3 of us had 22 margaritas. Hellllllo yellow cab. Goodbye morals.
so i am drinking whiskey and watching home alone 2 by myself. it turns out moving to a foreign country isn't all that different after all.
I wouldn't really call it 'getting lucky' considering I paid her to do it.
I'm too drunk to be surrounded by this many indians
How do you manage to be drunk and a racial minority so often?
Fuckbuddy couldn't meet, so she's trying to find a substitute to come fuck me. Best. Fuckbuddy. Ever.
Good. We don't answer calls at dick thirty.
I don't remember coming in last night, but apparently I ate a piece of pizza because when I woke up I had pizza crust stuck to the back of my thighs.
Well I woke up naked, with a santa hat on, and a bag of beef jerky next to me. So yeah, I would say it was a pretty successful trolley
I told my manager I was trying to conserve my energy for date night/Sexual Olympics later. That's legit for another break, right?
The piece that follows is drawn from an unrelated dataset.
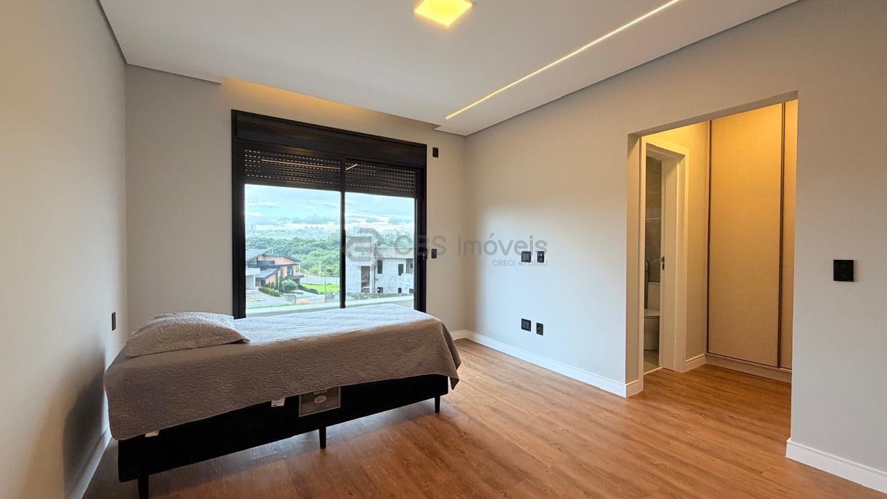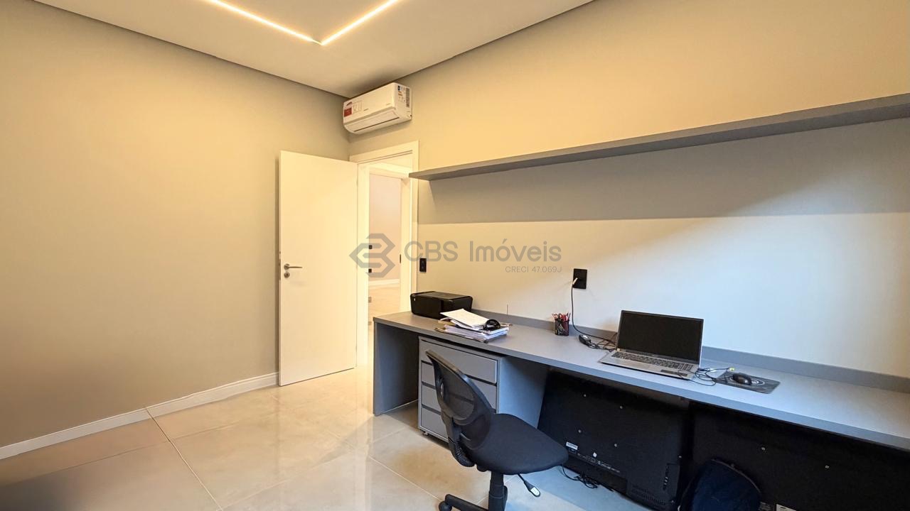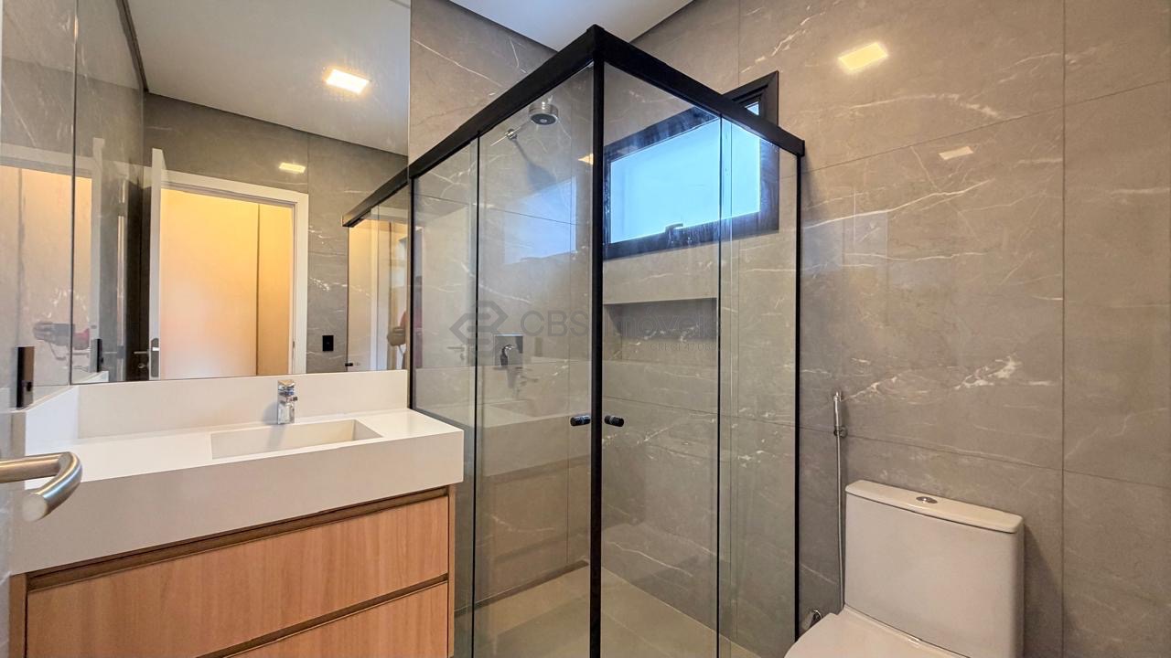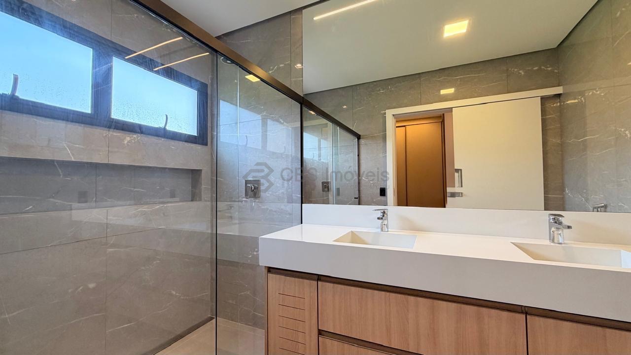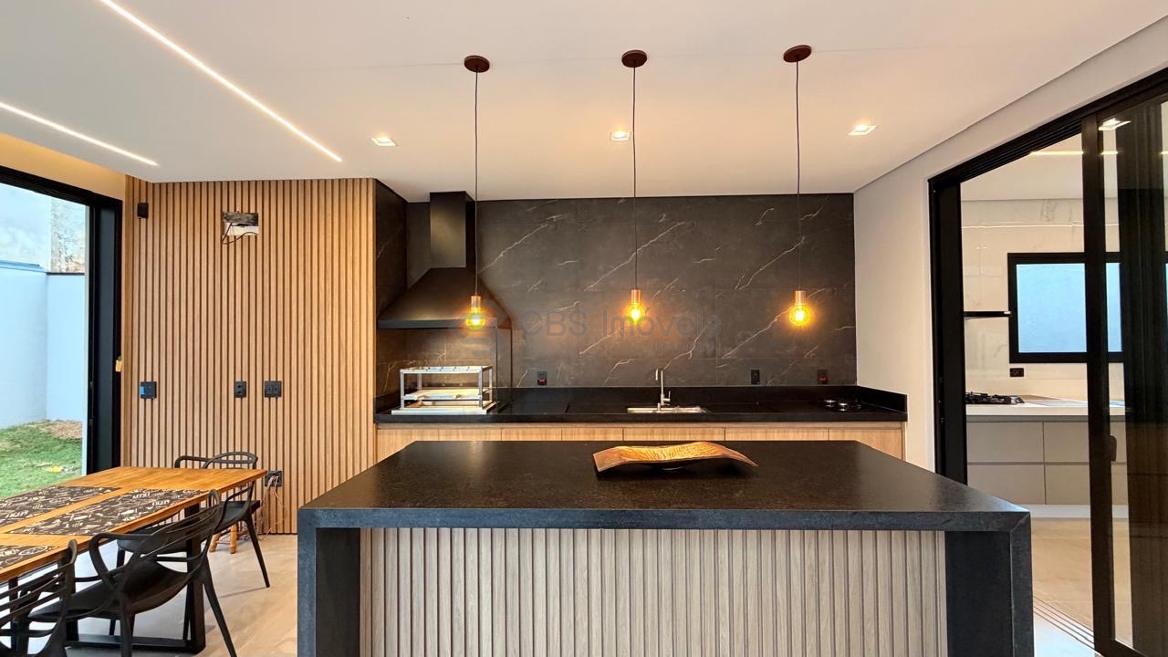 No térreo possui sala para 2 ambientes com pé direito duplo e muita integração. A cozinha é tipo americana completa com armários e ainda temos quarto/suíte reversível para home, escritório, lavabo, lavanderia e garagem para 4 carros.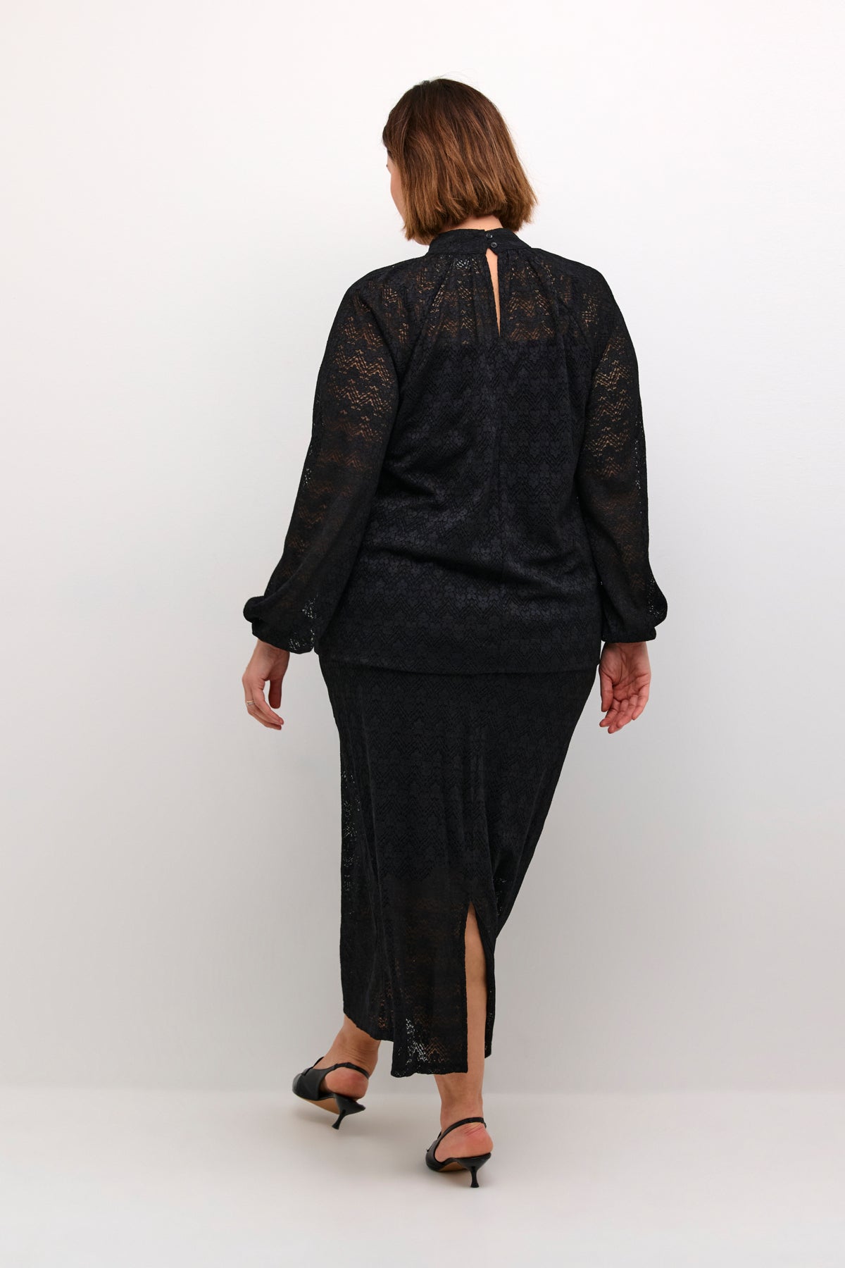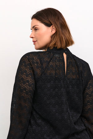 Fínleg hálfgegnsæ blúndu blússa frá Kaffe Curve.

He FaceTimed me fucking his new girlfriend. He was wearing a banana costume.
im too broke to be in a relationship this close to the holidays
I'm thinking my boss switched to all cordless keyboards and mouses so that none of us would hang ourselves in the office.
Wanna bang and Pregame work? I know you're the manager just promise to not fire me
Is there such thing as a tasteful dick pic? I think I just got one if they exist.
1) break up with him. 2) feel bad. 3) fuck some other guy. 4) feel better. Boom! Life plan. You're welcome.